» Task objective: Could you give the data that follows again exactly, without its pictures?

» Information:

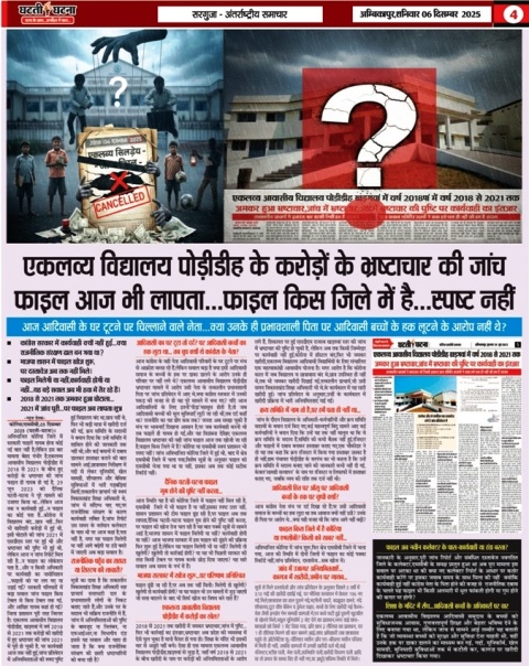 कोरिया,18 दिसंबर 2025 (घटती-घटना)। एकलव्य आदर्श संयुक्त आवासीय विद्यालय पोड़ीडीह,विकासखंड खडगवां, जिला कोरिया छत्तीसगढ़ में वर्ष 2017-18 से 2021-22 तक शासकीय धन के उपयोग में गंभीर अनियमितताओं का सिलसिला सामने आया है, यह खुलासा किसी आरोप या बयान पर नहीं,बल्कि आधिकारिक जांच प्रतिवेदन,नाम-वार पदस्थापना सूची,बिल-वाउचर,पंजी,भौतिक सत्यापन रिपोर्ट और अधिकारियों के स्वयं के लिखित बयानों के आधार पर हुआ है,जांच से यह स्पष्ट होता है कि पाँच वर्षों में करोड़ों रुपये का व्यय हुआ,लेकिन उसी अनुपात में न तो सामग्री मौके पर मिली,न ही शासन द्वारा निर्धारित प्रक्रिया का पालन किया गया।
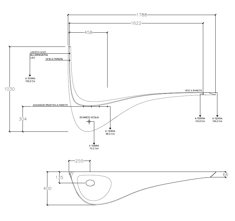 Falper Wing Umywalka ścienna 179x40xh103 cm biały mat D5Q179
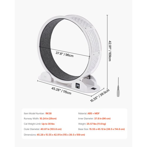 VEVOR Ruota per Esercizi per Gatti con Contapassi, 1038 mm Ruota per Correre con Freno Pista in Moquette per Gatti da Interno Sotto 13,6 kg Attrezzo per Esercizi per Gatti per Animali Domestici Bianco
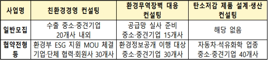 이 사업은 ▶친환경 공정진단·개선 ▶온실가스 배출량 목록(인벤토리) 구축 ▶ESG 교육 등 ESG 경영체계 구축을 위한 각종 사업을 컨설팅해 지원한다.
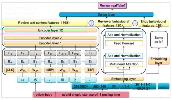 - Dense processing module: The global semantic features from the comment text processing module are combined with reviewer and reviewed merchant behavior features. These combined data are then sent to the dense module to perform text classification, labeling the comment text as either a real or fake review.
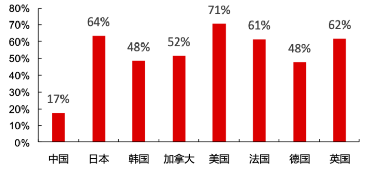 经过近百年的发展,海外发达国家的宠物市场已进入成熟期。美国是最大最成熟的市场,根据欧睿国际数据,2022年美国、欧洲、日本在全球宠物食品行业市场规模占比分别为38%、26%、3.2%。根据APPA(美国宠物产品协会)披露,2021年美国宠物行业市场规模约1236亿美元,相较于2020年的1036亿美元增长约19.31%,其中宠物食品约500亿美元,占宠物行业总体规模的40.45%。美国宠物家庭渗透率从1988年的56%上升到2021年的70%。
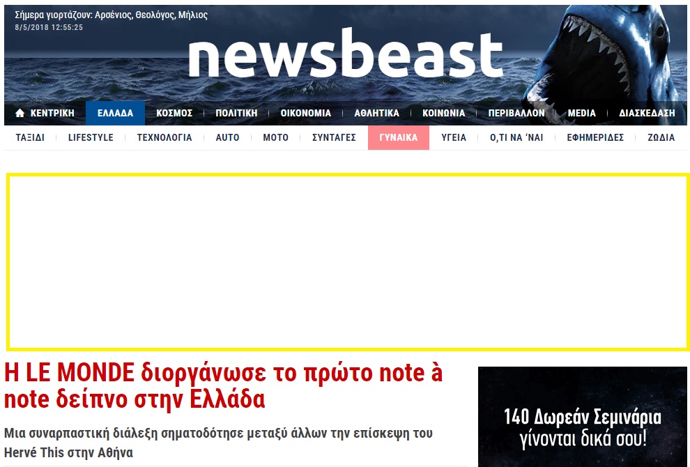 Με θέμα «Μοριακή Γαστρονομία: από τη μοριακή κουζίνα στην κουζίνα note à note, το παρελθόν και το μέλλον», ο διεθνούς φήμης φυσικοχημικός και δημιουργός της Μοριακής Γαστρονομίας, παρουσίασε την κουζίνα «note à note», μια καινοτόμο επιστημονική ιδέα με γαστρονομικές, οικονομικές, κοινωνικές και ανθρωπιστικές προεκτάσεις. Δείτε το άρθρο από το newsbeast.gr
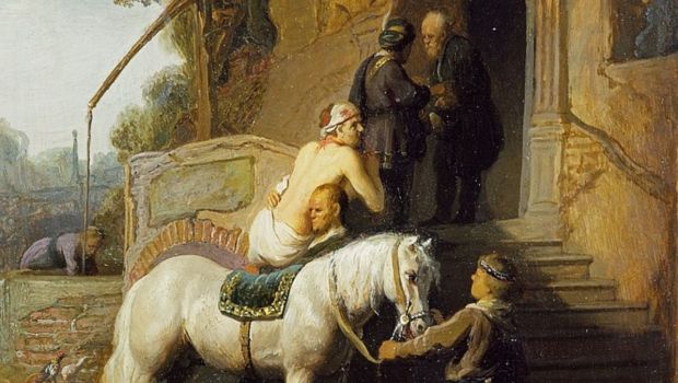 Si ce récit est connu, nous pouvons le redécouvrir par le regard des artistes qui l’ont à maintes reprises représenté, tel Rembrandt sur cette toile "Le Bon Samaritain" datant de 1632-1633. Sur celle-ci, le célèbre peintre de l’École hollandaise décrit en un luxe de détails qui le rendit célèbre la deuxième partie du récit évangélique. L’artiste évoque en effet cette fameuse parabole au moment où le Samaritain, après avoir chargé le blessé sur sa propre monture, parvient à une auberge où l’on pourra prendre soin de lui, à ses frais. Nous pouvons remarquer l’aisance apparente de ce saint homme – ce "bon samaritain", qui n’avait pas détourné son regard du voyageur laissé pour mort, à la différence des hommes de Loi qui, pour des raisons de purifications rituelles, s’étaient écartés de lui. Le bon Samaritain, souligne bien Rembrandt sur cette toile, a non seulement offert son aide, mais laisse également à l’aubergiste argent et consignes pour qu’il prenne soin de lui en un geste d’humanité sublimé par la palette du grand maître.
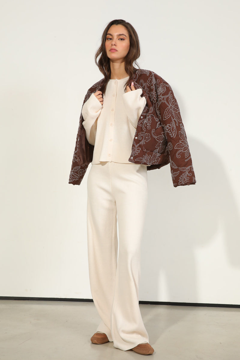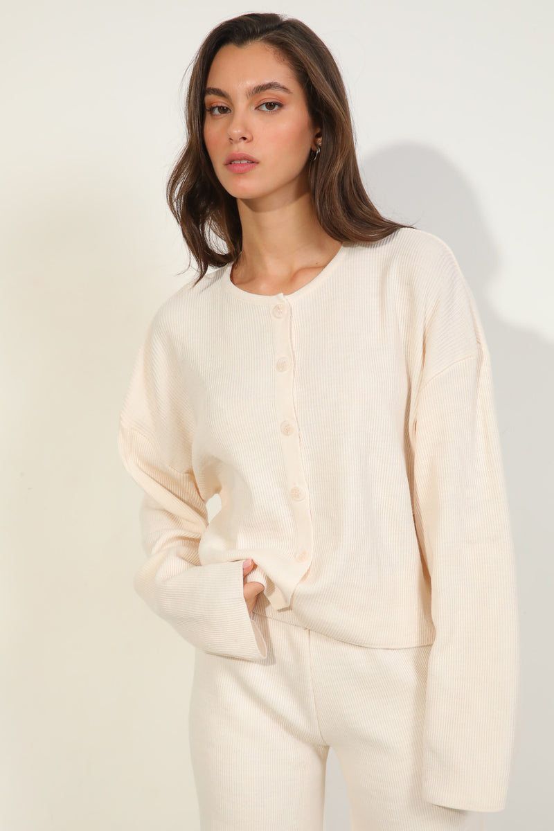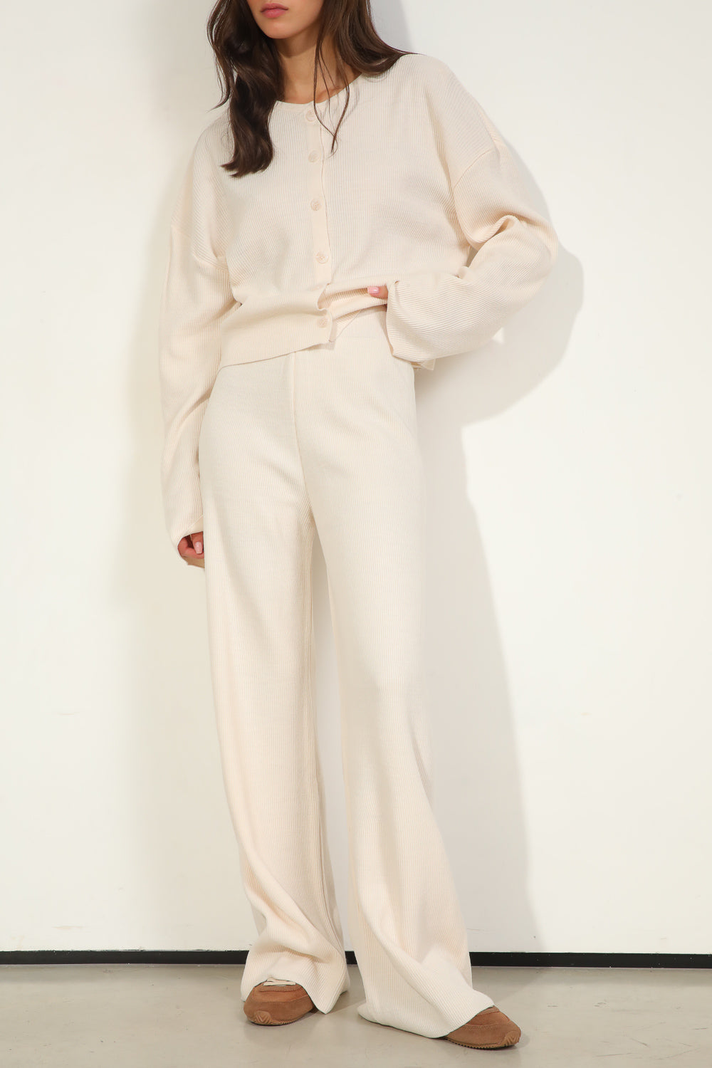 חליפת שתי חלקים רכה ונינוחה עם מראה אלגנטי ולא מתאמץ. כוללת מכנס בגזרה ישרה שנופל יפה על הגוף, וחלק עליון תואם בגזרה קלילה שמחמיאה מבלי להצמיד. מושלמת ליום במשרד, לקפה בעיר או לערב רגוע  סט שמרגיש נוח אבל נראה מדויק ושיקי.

» Completed exercise:
 कोरिया,18 दिसंबर 2025 (घटती-घटना)। एकलव्य आदर्श संयुक्त आवासीय विद्यालय पोड़ीडीह,विकासखंड खडगवां, जिला कोरिया छत्तीसगढ़ में वर्ष 2017-18 से 2021-22 तक शासकीय धन के उपयोग में गंभीर अनियमितताओं का सिलसिला सामने आया है, यह खुलासा किसी आरोप या बयान पर नहीं,बल्कि आधिकारिक जांच प्रतिवेदन,नाम-वार पदस्थापना सूची,बिल-वाउचर,पंजी,भौतिक सत्यापन रिपोर्ट और अधिकारियों के स्वयं के लिखित बयानों के आधार पर हुआ है,जांच से यह स्पष्ट होता है कि पाँच वर्षों में करोड़ों रुपये का व्यय हुआ,लेकिन उसी अनुपात में न तो सामग्री मौके पर मिली,न ही शासन द्वारा निर्धारित प्रक्रिया का पालन किया गया।
 Falper Wing Umywalka ścienna 179x40xh103 cm biały mat D5Q179
 VEVOR Ruota per Esercizi per Gatti con Contapassi, 1038 mm Ruota per Correre con Freno Pista in Moquette per Gatti da Interno Sotto 13,6 kg Attrezzo per Esercizi per Gatti per Animali Domestici Bianco
 이 사업은 ▶친환경 공정진단·개선 ▶온실가스 배출량 목록(인벤토리) 구축 ▶ESG 교육 등 ESG 경영체계 구축을 위한 각종 사업을 컨설팅해 지원한다.
 - Dense processing module: The global semantic features from the comment text processing module are combined with reviewer and reviewed merchant behavior features. These combined data are then sent to the dense module to perform text classification, labeling the comment text as either a real or fake review.
 经过近百年的发展,海外发达国家的宠物市场已进入成熟期。美国是最大最成熟的市场,根据欧睿国际数据,2022年美国、欧洲、日本在全球宠物食品行业市场规模占比分别为38%、26%、3.2%。根据APPA(美国宠物产品协会)披露,2021年美国宠物行业市场规模约1236亿美元,相较于2020年的1036亿美元增长约19.31%,其中宠物食品约500亿美元,占宠物行业总体规模的40.45%。美国宠物家庭渗透率从1988年的56%上升到2021年的70%。
 Με θέμα «Μοριακή Γαστρονομία: από τη μοριακή κουζίνα στην κουζίνα note à note, το παρελθόν και το μέλλον», ο διεθνούς φήμης φυσικοχημικός και δημιουργός της Μοριακής Γαστρονομίας, παρουσίασε την κουζίνα «note à note», μια καινοτόμο επιστημονική ιδέα με γαστρονομικές, οικονομικές, κοινωνικές και ανθρωπιστικές προεκτάσεις. Δείτε το άρθρο από το newsbeast.gr
 Si ce récit est connu, nous pouvons le redécouvrir par le regard des artistes qui l’ont à maintes reprises représenté, tel Rembrandt sur cette toile "Le Bon Samaritain" datant de 1632-1633. Sur celle-ci, le célèbre peintre de l’École hollandaise décrit en un luxe de détails qui le rendit célèbre la deuxième partie du récit évangélique. L’artiste évoque en effet cette fameuse parabole au moment où le Samaritain, après avoir chargé le blessé sur sa propre monture, parvient à une auberge où l’on pourra prendre soin de lui, à ses frais. Nous pouvons remarquer l’aisance apparente de ce saint homme – ce "bon samaritain", qui n’avait pas détourné son regard du voyageur laissé pour mort, à la différence des hommes de Loi qui, pour des raisons de purifications rituelles, s’étaient écartés de lui. Le bon Samaritain, souligne bien Rembrandt sur cette toile, a non seulement offert son aide, mais laisse également à l’aubergiste argent et consignes pour qu’il prenne soin de lui en un geste d’humanité sublimé par la palette du grand maître.
 חליפת שתי חלקים רכה ונינוחה עם מראה אלגנטי ולא מתאמץ. כוללת מכנס בגזרה ישרה שנופל יפה על הגוף, וחלק עליון תואם בגזרה קלילה שמחמיאה מבלי להצמיד. מושלמת ליום במשרד, לקפה בעיר או לערב רגוע  סט שמרגיש נוח אבל נראה מדויק ושיקי.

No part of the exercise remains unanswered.